In recent years the Internet has been transformed from a special purpose network to an ubiquitous platform for a wide range of everyday communication services. The demands on Internet reliability and availability have increased accordingly. A disruption of a link in central parts of a network has the potential to affect hundreds of thousands of phone conversations or TCP connections, with obvious adverse effects.
The ability to recover from failures has always been a central design goal in the Internet. See D. D. Clark, “The Design Philosophy of the DARPA Internet Protocols,” SIGCOMM, Computer Communications Review, vol. 18, no. 4, pp. 106-114, August 1988. IP networks are intrinsically robust, since IGP routing protocols like OSPF are designed to update the forwarding information based on the changed topology after a failure. This re-convergence assumes full distribution of the new link state to all routers in the network domain. When the new state information is distributed, each router individually calculates new valid routing tables.

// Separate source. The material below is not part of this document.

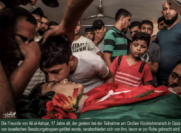 Die Soldaten feuerten scharfe Geschosse und gummierte Stahlkugeln auf die Demonstranten ab, die sich in vielen Lagern entlang der Grenze versammelten und dabei Ali Sami Ashqar, 17, aus dem Flüchtlingslager Jabalia im Norden Gazas töteten, nachdem sie ihn mit einer scharfen Kugel auf die Brust geschossen hatten.

This network-wide IP re-convergence is a time consuming process, and a link or node failure is typically followed by a period of routing instability. During this period, packets may be dropped due to invalid routes. This phenomenon has been studied in both IGP (A. Basu and J. G. Riecke, “Stability Issues in OSPF Routing,” in Proceedings of SIGCOMM 2001, August 2001, pp. 225-236) and BGP context (C. Labovitz, A. Ahuja, A. Bose, and F. Jahanian, “Delayed Internet Routing Convergence,” IEEE/ACM transactions on Networking, vol. 9, no. 3, pp. 293-306, June 2001) and has an adverse effect on real-time applications (C. Boutremans, G. Iannaccone, and C. Diot, “Impact of link failures on VoIP performance,” in Proceedings of international Workshop on Network and Operating System Support for Digital Audio and Video, 2002). Events leading to a re-convergence have been shown to occur frequently, and are often triggered by external routing protocols (D. Watson, F. Jahanian, and C. Labovitz, “Experiences with monitoring OSPF on a regional service provider network,” in ICDCS '03: Proceedings of the 23rd International Conference on Distributed Computing Systems. IEEE Computer Society, 2003, pp. 204-213).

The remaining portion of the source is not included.